R&D at Mercedes-Benz Tech Innovation

Multimodal AI Fusion, Spatial Computing, and In-Vehicle XR

Note: More information will be out once the paper is published at the target venue.

Multimodal AI Fusion for Outside-the-Vehicle Referencing (OVR) using XR Inside the Moving Vehicle

Role: XR Researcher (Master Thesis)
Organization: Mercedes-Benz Tech Innovation, Stuttgart, Germany
Keywords: Spatial Computing, Sensor Fusion, Transformers, Digital Twins, Human-Computer Interaction

TL;DR: I engineered a real-time multimodal XR pipeline fusing user gaze and speech to solve the Outside-the-Vehicle Referencing (OVR) problem. By architecting a custom Transformer-based fusion network and pioneering a synchronized moving-car data pipeline, the system achieved state-of-the-art accuracy, earning endorsement from Mercedes-Benz for future production R&D.

The Challenge: Contextual Referencing in Dynamic Environments

Traditional Extended Reality (XR) systems rely heavily on static environments or explicit pointing mechanisms (e.g., ray-casting via controllers). However, inside a moving vehicle, high-speed ego-motion and the cognitive load of passengers render explicit pointing unnatural.
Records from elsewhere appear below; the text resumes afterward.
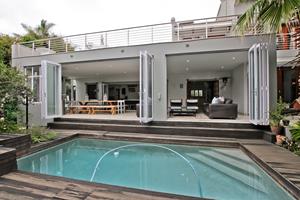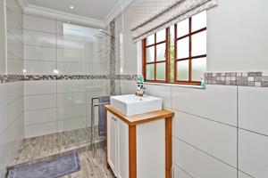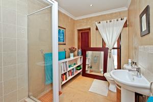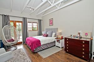 This contemporary double storey 4 bedroom, 4.5 bathroom home (mes) offers everything the large family could want. The large upstairs main bedroom with exposed white trusses and plenty of cupboard space flows into an exquisite en-suite bathroom with large double shower. Two further bedrooms also with exposed white trusses and bathrooms are on the top floor. These bedrooms have a wrap around balcony with fantastic views. A fourth downstairs bedroom completes the sleeping quarters.
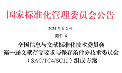 全國(guó)信息與文獻(xiàn)標(biāo)準(zhǔn)化技術(shù)委員會(huì) 第一屆文獻(xiàn)存儲(chǔ)要求與保存條件分技術(shù)委員會(huì)正式成立據(jù)國(guó)家標(biāo)準(zhǔn)化管理委員...
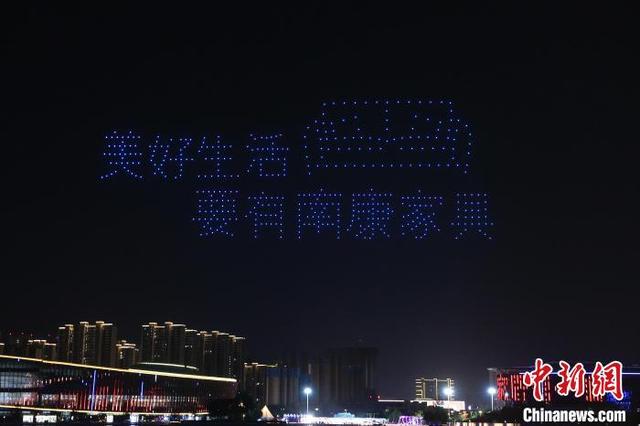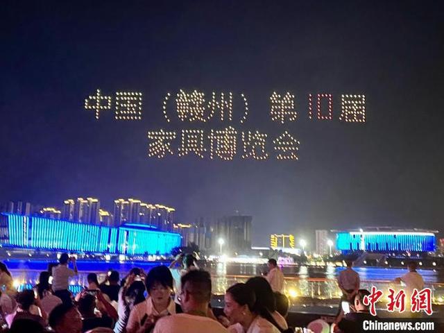 5月27日,中国(赣州)第十届家具产业博览会开幕前夜,一场绚丽的无人机灯光秀表演在本次博览会举办地——江西赣州南康区的南康家居小镇上演。无人机编队先后组成了“中国(赣州)第10届家具博览会”“南康永远是家具人的家”“把南康家具的旗帜插遍全球”等字样图案,吸引了不少市民驻足观看。
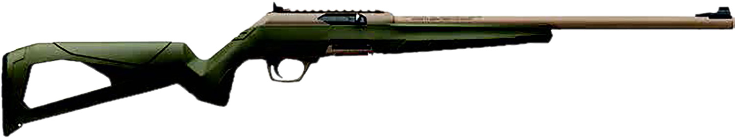 Get advanced autoloading rimfire rifle performance with Wildcat OD Green FDE. This Winchester 22 LR features a lightweight composite stock molded in OD Green. 10-round rotary magazine features last round bolt hold open. Flat Dark Earth Perma-Cote finish on the barrel and receiver. - Wildcat 22 LR FDE Features - Molded OD Green polymer stock - FDE (Flat Dark Earth) Perma-Cote finish on the barrel - FDE polymer receiver and trigger guard - Front and rear sling eyelets - Picatinny rail on underside of forearm includes rail cover - Wildcat Features - Reliable blowback semi-automatic operation - Drop-out lower receiver assembly for easy cleaning - Rugged polymer receiver with integral Picatinny top rail - Precision button-rifled barrel with recessed target crown - Striker-fired design with hemispherical firing pin tip - Fully-Adjustable Ghost Ring rear sight and ramped post front sight - Integral Picatinny Sight Rail - 10-Round Rotary Magazine with Polymer Body and Metal Feed Lips - Fully Ambidextrous Magazine Release - Spring Assisted Magazine Ejection - Reversible Manual Safety Button - Accepts aftermarket 10/22 magazines
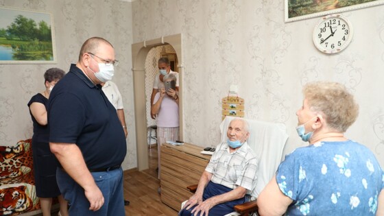 В ходе рабочей поездки в Кузнецк врио губернатора Пензенской области посетил 102-летнего участника Великой Отечественной войны Александра Казимирова. Ветеран поделился с Олегом Мельниченко фактами своей легендарной жизни. В июне 1941 года он был призван на войну. Направлен на границу с Финляндией, служил связистом. После снятия блокады Ленинграда в составе 122 Стрелковой Дивизии участвовал в освобождении Венгрии, Румынии. День Победы встретил в Австрии. В свою очередь, врио главы региона уточнил самочувствие старейшего жителя города и поинтересовался, видны ли изменения в работе водопровода. Александр Степанович подчеркнул, что в последнее время качество воды, доставляемой по водопроводу в их квартиру, существенно улучшилось. «Вода хорошая стала, а то желтая была. Сейчас – нормальная», — сказал ветеран. Напомним, что в июле этого года в Кузнецке была введена в эксплуатацию вторая станция обезжелезивания, благодаря чему обеспечены чистой водой более 35 тысяч потребителей. Фотография: pnzreg.ru

Meanwhile, using XR headsets for passengers has proved to be effective and useful, helping passengers gain information about physical buildings acting as their points of interest (POI). However, the core issue is that there is no robust way to accurately estimate a passenger’s target POI in motion—a challenge known as Outside-the-Vehicle Referencing (OVR).

The objective was to design a frictionless, real-time spatial interaction paradigm: allowing passengers to simply look at a building out the window, ask a natural language question (e.g., “When was that church built?”), and receive an accurate, context-aware response.

Results & Impact

By exploiting the natural redundancy of human gaze and aligning it with semantic context, the final architecture represents a significant leap forward in automotive spatial computing.

  • Performance: Achieved highly robust Rank-1 Accuracy and F1-Scores, outperforming existing state-of-the-art baselines by over 10% in dynamic, in-vehicle contexts.
  • Industry Validation: The methodology and spatial fusion framework were validated by Mercedes-Benz management as a highly viable candidate for integration into future production R&D pipelines.

Tools & Technologies: PyTorch, Transformers, LLMs, Unity3D, Python, GNSS/INS Telemetry, Sensor Fusion.